Did you actually check the ECC error counters?

Memory errors in data centers tend to be concentrated in a small number of bad sticks of RAM rather than evenly distributed across all memory. If you have a machine crashing regularly due to memory errors, it’s likely a bad stick of RAM, not random errors due to lack of ECC.

sliken · on Aug 10, 2022

Agreed, but ECC will prevent most of the errors from crashing the machine and tell you exactly what dimm is causing the problem. So you can replace the dimm (out of pocket or under warranty) instead of playing the replace a random part and hope it improves game.

freemint · on Aug 6, 2022

The ECC error counters are not really honest anymore as repaired faults are often not reported from what i heard.

ChuckMcM · on Aug 7, 2022

This depends on the BIOS and the OS. Correctable (and corrected) errors are typically logged into the baseboard controller (the BMC) and the OS "should" periodically dump the logs from the controller to maintain a record of those errors longer term. That said, eventually they just "fall off" the list of errors the BMC is holding because it stores them round robin.

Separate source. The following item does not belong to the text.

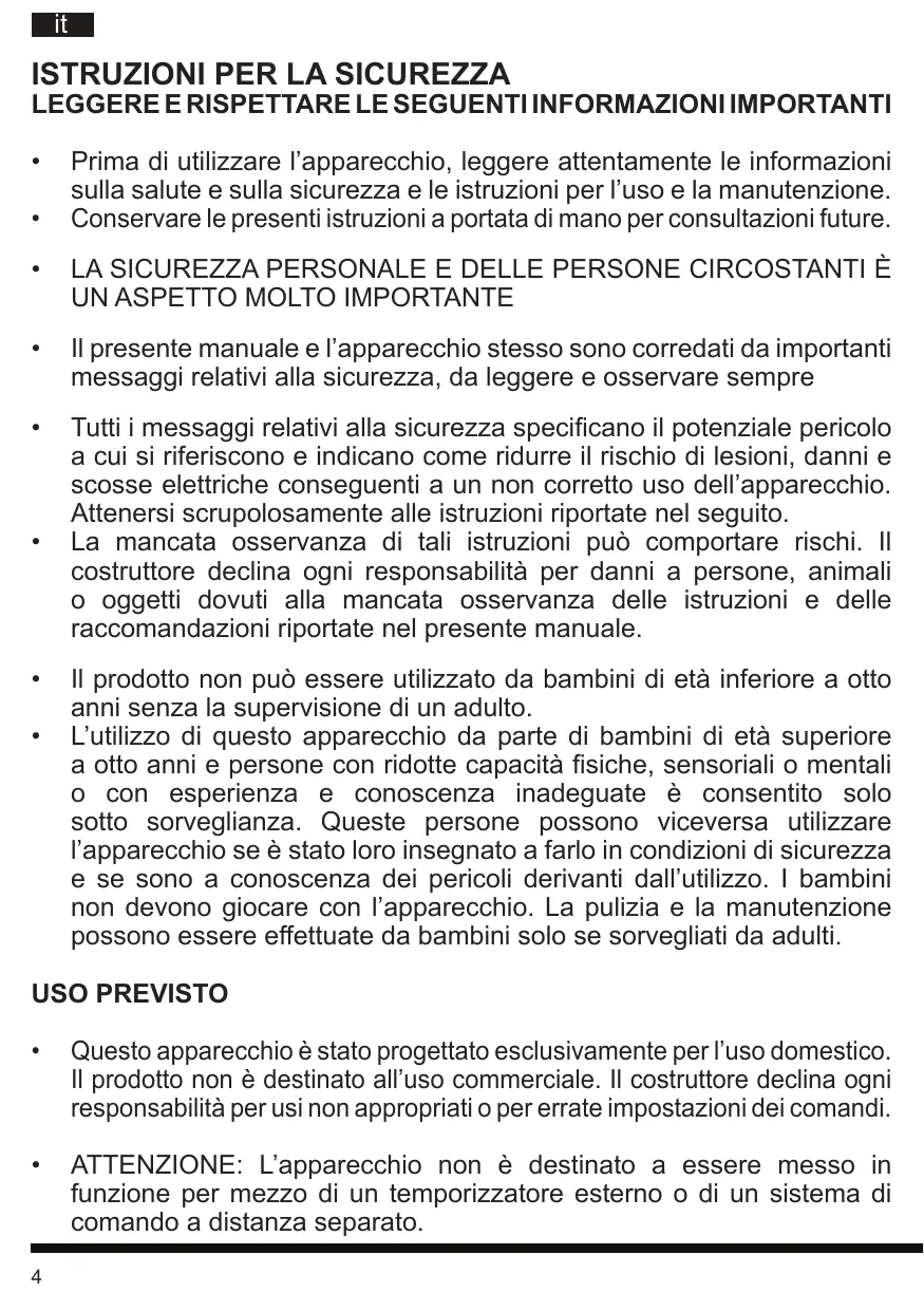 Questo apparecchio è stato progettato esclusivamente per l’uso domestico. Il prodotto non è destinato all’uso commerciale. Il costruttore declina ogni responsabilità per usi non appropriati o per errate impostazioni dei comandi.

Uncorrectable errors will cause a machine check, unless the BIOS disables it. Which some do.

freemint · on Aug 7, 2022

I tell you that the reporting of correctable errors is not always honest. On some systems you can see uncorrectable errors before you see the correctable errors which statistically can't be. That it should be honest beside the point.

ChuckMcM · on Aug 7, 2022

There is a question of agency here.

You are absolutely correct that reporting of errors may not be "honest", I prefer to use the work "correct" rather than honest because honesty implies and intention to lie and the computer logic is generally designed to be correct.

The market reality is that reporting correctable errors can generate unnecessary service tickets as people who are not technically sophisticated. Those users may generate a support ticket wondering why their system is telling them it saw and error but then it corrected it. Dealing with support tickets costs money, money that is taken away from margin, and so it is sometimes "optimized out" which is that some manager makes their numbers better by ordering the software team to "hide" correctable errors which were corrected.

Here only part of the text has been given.